Bank
Indonesia (BI) mengakui banyak tantangan bagi perekonomian di dalam negeri
dalam kurun waktu tiga bulan ke depan. Menurut Gubernur BI Agus DW
Martowardojo, tantangan tersebut datang baik dari sisi eksternal maupun
internal. Apalagi, terdapat defisit yang besar dalam transaksi berjalan.
"Kita
melihat di transaksi berjalan kita defisit terus membesar dan itu juga didukung
oleh defisit neraca perdagangan kita yang semakin besar. Di fiskal juga ada
defisit yang besar serta juga ada primary balance negative, sehingga persepsi
investor semakin khawatir," kata Agus di Jakarta, Jumat (14/6).
Tantangan
lainnya, lanjut Agus, adalah ekspektasi dari masyarakat dan pelaku usaha yang
terus meninggi terkait inflasi. Untuk mengantisipasi hal ini, BI siap
meningkatkan koordinasi dengan pemerintah dan otoritas lain seperti Otoritas
Jasa Keuangan (OJK) dan Lembaga Penjamin Simpanan (LPS).
"Kami
ingin selalu berkoordinasi dengan otoritas lain, khususnya otoritas
fiskal," ujar mantan Menteri Keuangan ini.
BI
memperkirakan, membengkaknya inflasi akan terjadi pada Juni, Juli dan Agustus
tahun ini. Menurutnya, secara historis di tiga bulan tersebut memang selalu
terjadi peningkatan laju inflasi dan merupakan periode inflasi tertinggi di
setiap tahun. Atas dasar itu, BI perlu mengambil langkah pre-emptive dalam
mengendalikan ekspektasi inflasi tersebut.
Sejumlah
langkah pre-emptive yang telah dilakukan BI adalah dengan menaikkan suku bunga
Fasilitas Simpanan BI (Fasbi Rate) dan suku bunga acuan (BI Rate) di pekan ini.

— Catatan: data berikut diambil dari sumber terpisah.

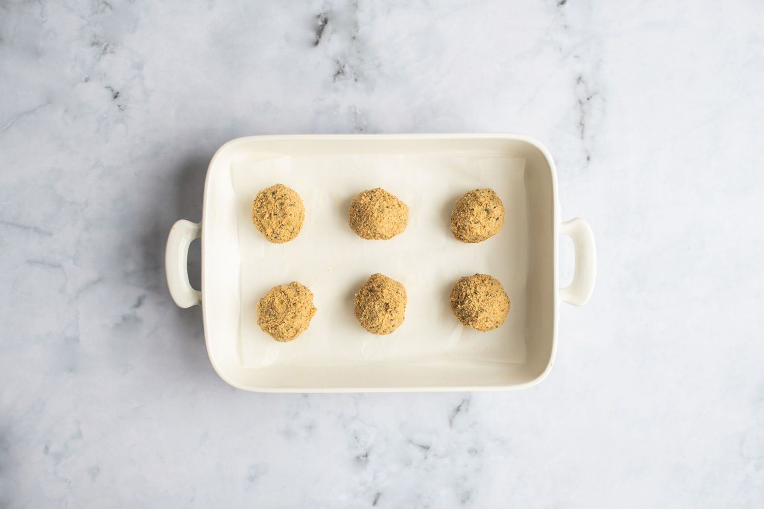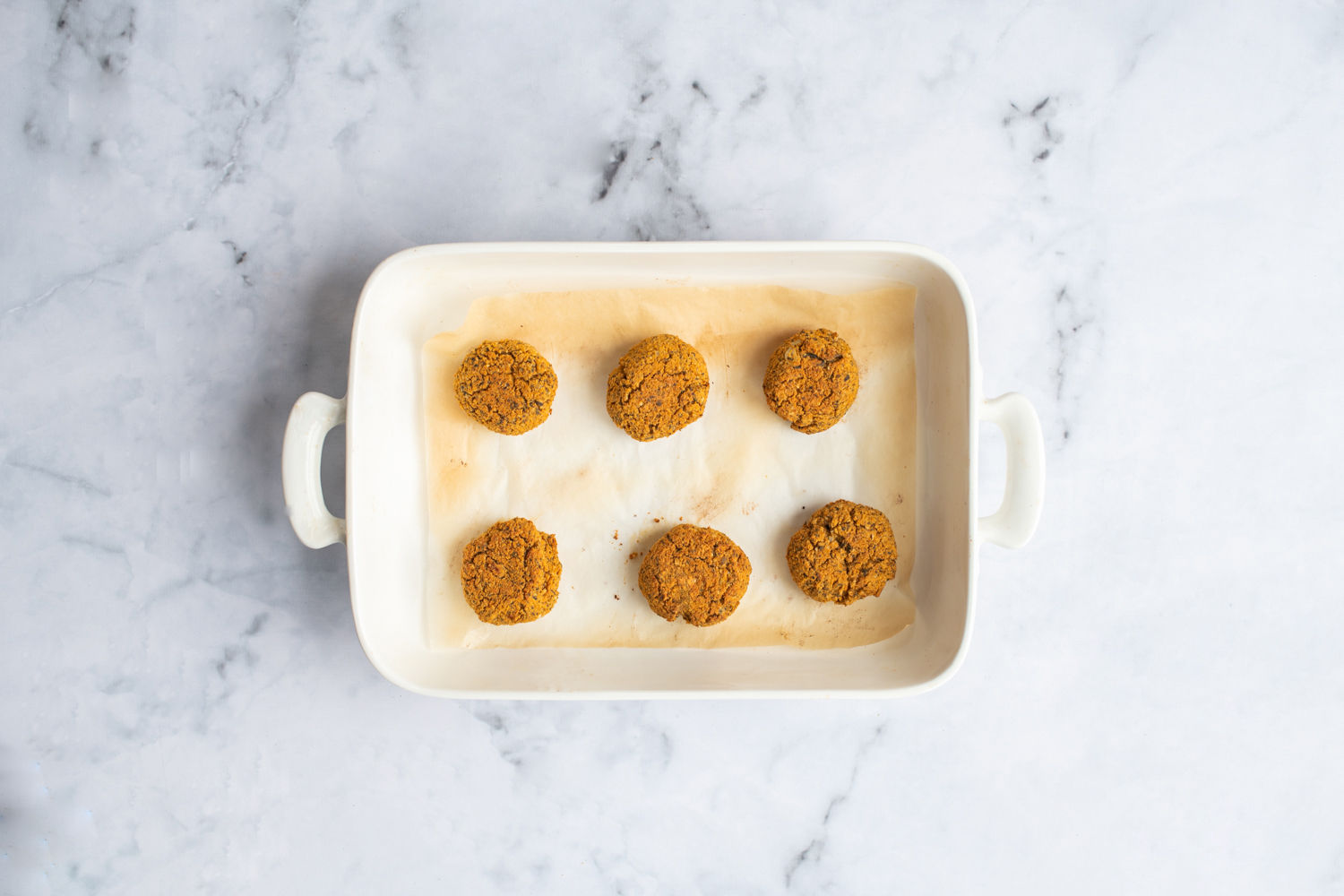 Use an ice cream scoop to make falafel balls and place them on the prepared baking parchment.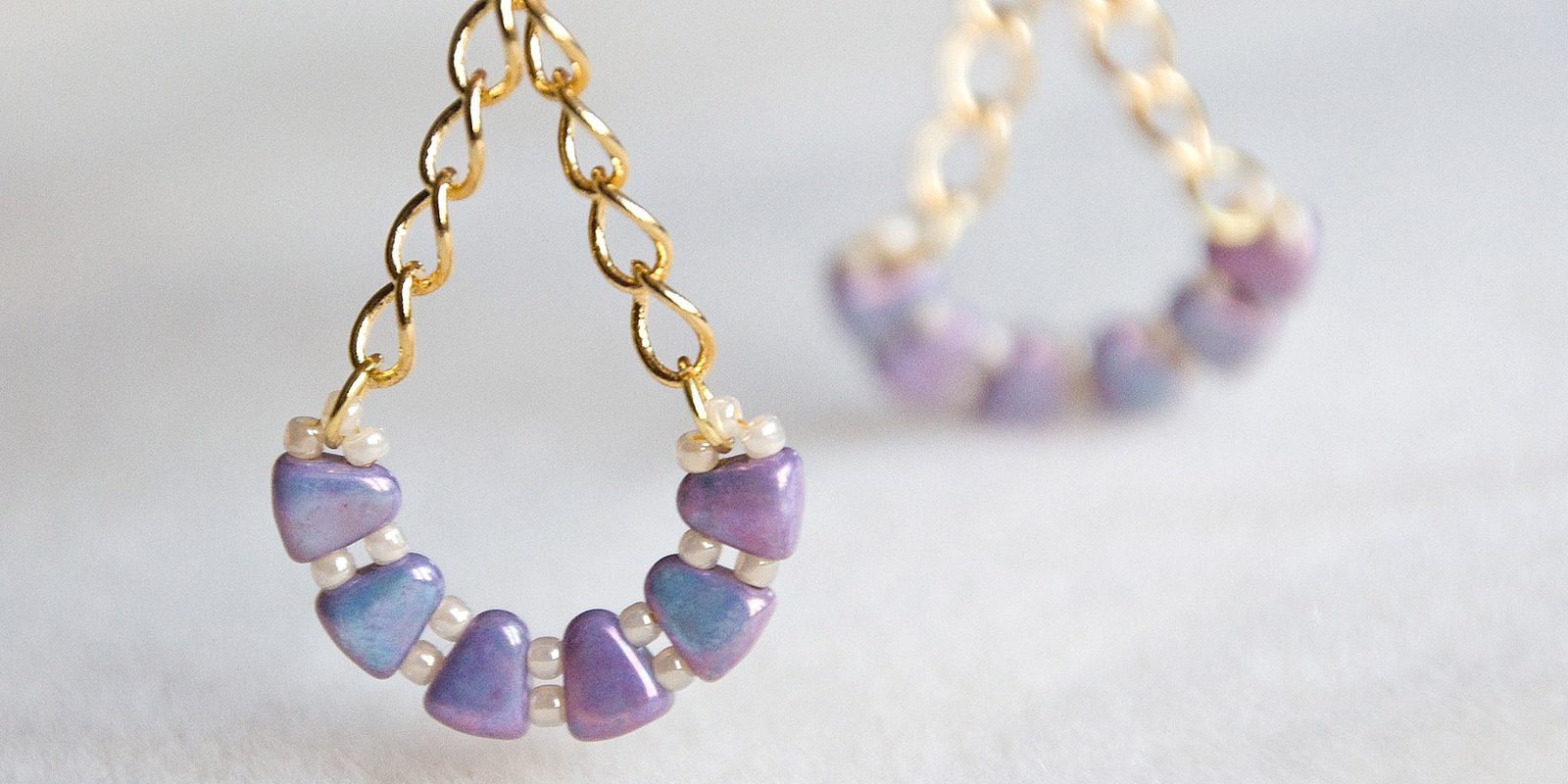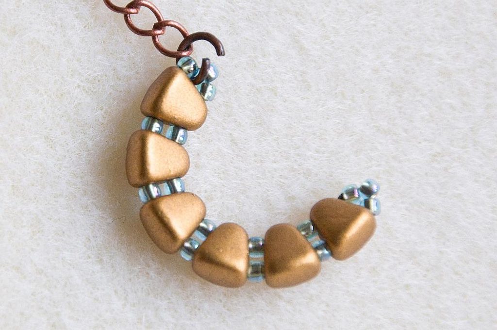 Plochými kleštěmi si do strany otevřeme očko náušnicového háčku a navlékneme ho do očka uprostřed řetízku (Obr. 8). Očko háčku uzavřeme a máme hotovo. Ušijeme i druhou náušnici (Obr. 9-10).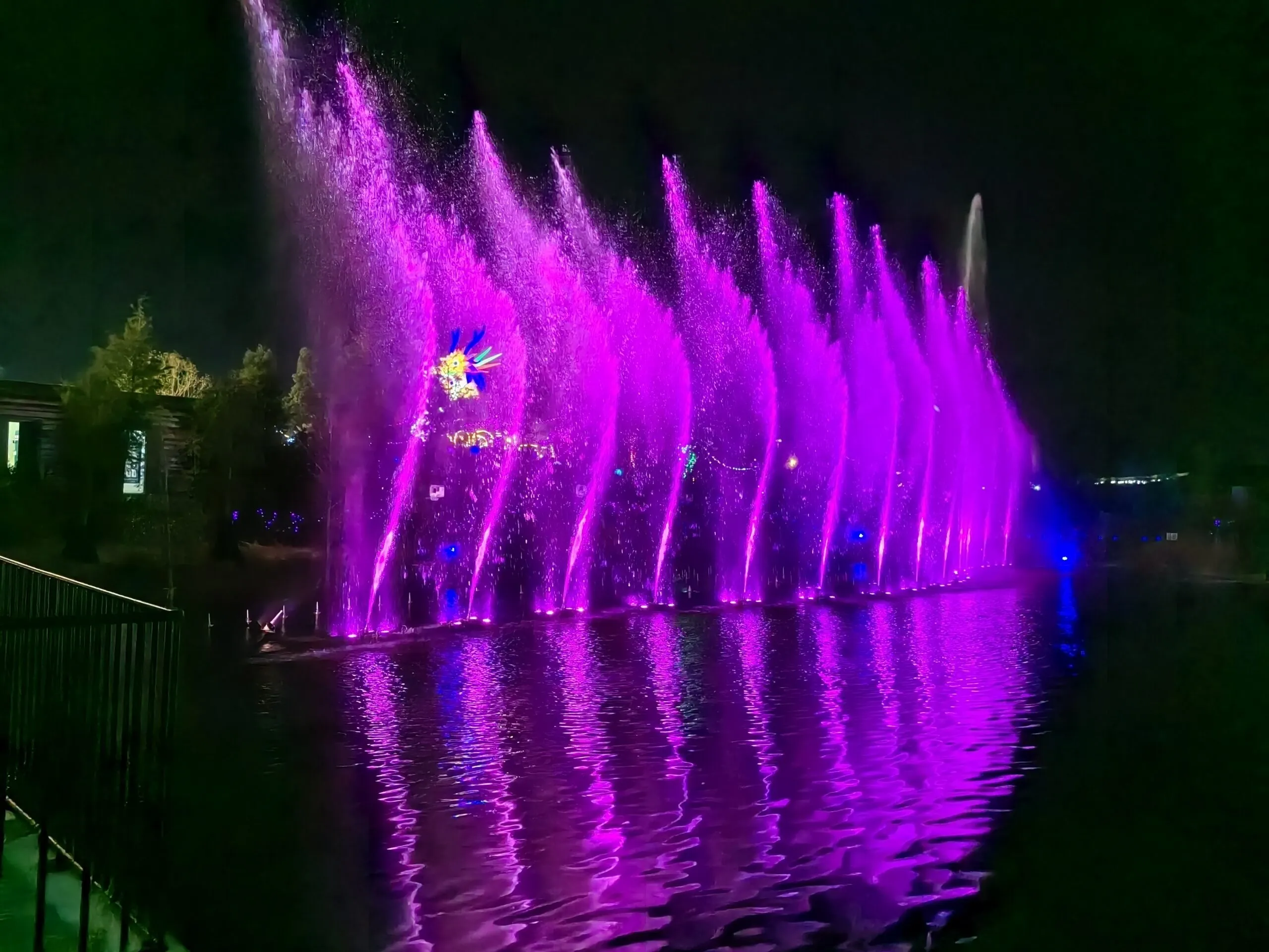 This music fountain is 46 meters long and 10 meters wide in arc shape, being composed of 8 groups of water types and 3 laser projectors. This dancing fountain used the advanced software programming technology of Himalaya Fountain Company to realize the perfect combination of sound, light and water.When it comes to the fountain design,this fountain design embodies a fusion of Himalaya’s creativity and technology, featuring a series of water patterns including Standing Waves, Lotus Emergence, Galloping Horses, Dancing Songs, Welcoming Salvo, Feather Robe Dance, Rainbow Crossing, Mountain Peaks, and a Laser Water Screen performance. These diverse and harmonious water patterns transport the audience into a magical aquatic paradise, making each performance a visual spectacle.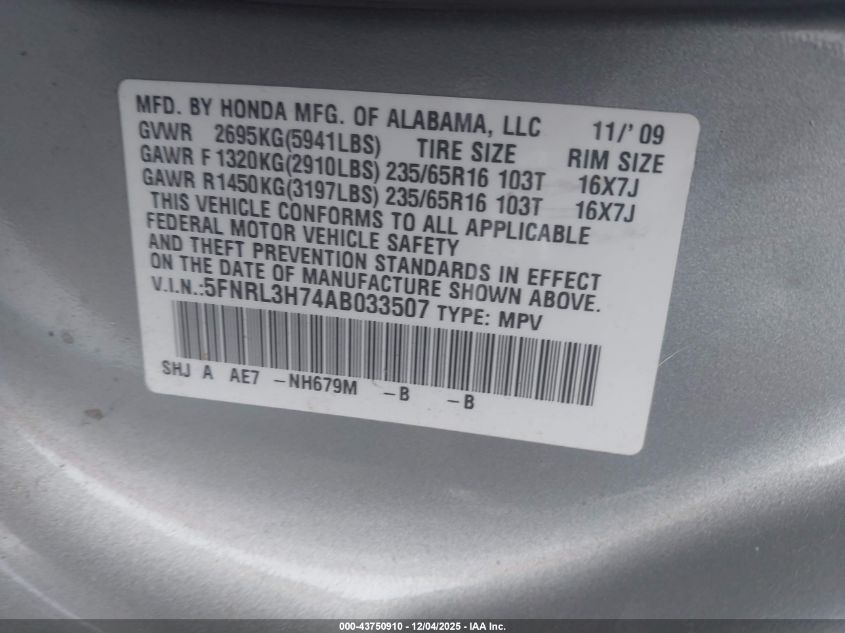 Цвет СинийЦилиндры 6Привод Передний приводVIN 5FNRL3H74AB033507Состояние Заводится и едет (проверено)Повреждения Обычный износДата аукциона 2025-12-08 AutoRIA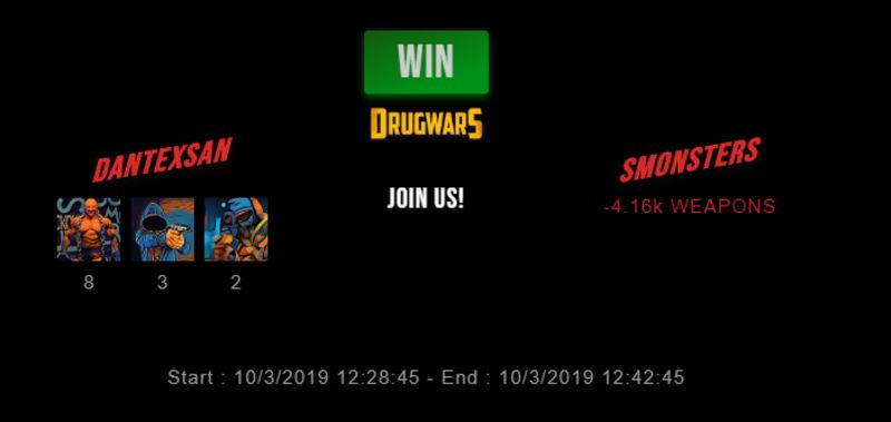 Check my latest fight ! dantexsan vs smonstersdantexsan (36)in #drugwars • 7 years ago #drugwars-fight #gaming #fight #dw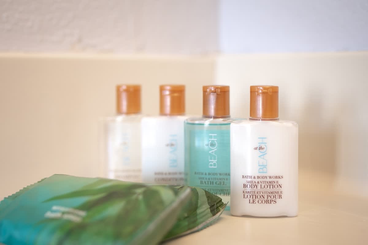 – Your very own Aloha Pack: coffee filters, salt and pepper, laundry detergent, dish soap and sponge, hand soap, shampoo/body wash/lotion set, toilet paper, paper towels, tissues, and cleaning supplies.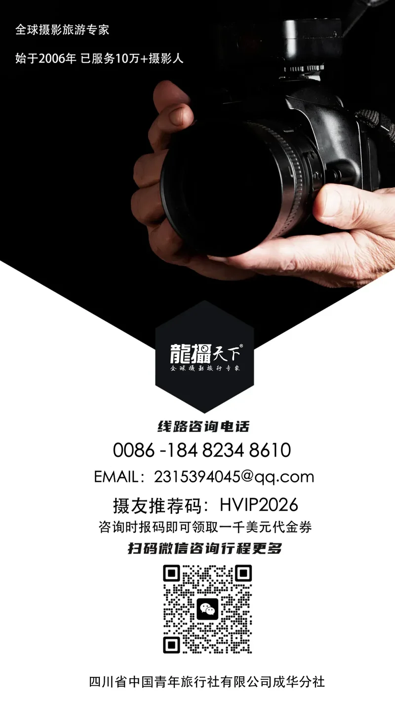 精品小团,名额有限,报名从速。发团时间:2026.5.29-6.16(已成团)价格与详情 请联系下方客服。联系时附上摄友推荐码:HVIP2026 可领取一千美元的旅游代金券。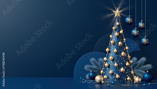 Naklejka premium Bożonarodzeniowe, niebiesko-złote tło z choinką i bombkami oraz miejscem na...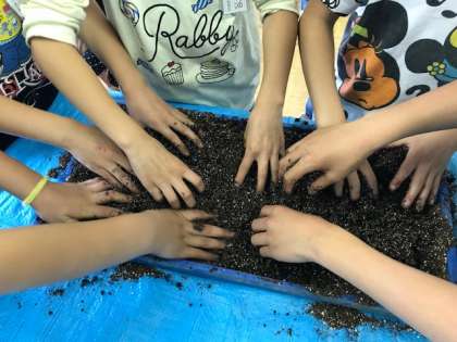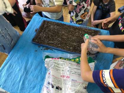 土に水いれてよくかき混ぜ、種をていねいに植えました。

"Yang kami respons adalah expected inflation dan ada kekhususan juga bagi
kami untuk menjaga stabilitas sistem keuangan, karena situasi ekonomi dunia
yang tidak pasti," katanya.
Tinggi
ekspektasi inflasi, kata Agus, juga didukung dengan rencana pemerintah mengenai
kenaikan harga Bahan Bakar Minyak (BBM) bersubsidi. "Kalau seandainya
pembahasan RAPBN-P selesai dan harga BBM (bahan bakar minyak) naik, maka
inflasi akan naik," ujarnya.
Deputi
Gubernur BI Perry Warjiyo mengatakan, menyikapi sejumlah tantangan perekonomian
BI terus meresponnya dengan berbagai macam kebijakan. Menurutnya, kondisi pasar
sudah kembali kondusif. Hal ini ditandai dengan nilai tukar rupiah terhadap
dolar Amerika Serikat (AS) yang kembali normal.
"Supply-demand
sudah berjalan, eksportir menjual, bank-bank juga sudah menjual, kurs hari ini
Jisdor (Jakarta Interbank Spot Dollar) Rp9.886 sudah mencerminkan kondisi
supply demand yang ada di pasar dan di pasar valas itu nilai tukarnya,"
tutur Perry.
Selain
itu, penjualan Surat Berharga Negara (SBN) yang turut kondusif. Bahkan,
kecenderungannya akan menguat. Meski begitu, ia mengakui masih ada tekanan
terhadap pasar saham. Namun tekanan ini tak sebesar yang dialami oleh
negara-negara lainnya.
"Kemarin
meskipun ada penurunan -1,9 persen itu jauh lebih rendah dibandingkan penurunan
di Philipina, Jepang maupun negara kawasan lain. Artinya langkah-langkah
kordinasi yang kita lakukan, baik pemerintah, Kemenkeu, OJK, LPS, BI dalam
konteks stabilitas makro dan stabilitas sistem keuangan itu memang sudah
berangsur-angsur memulihkan pasar," tutup Perry.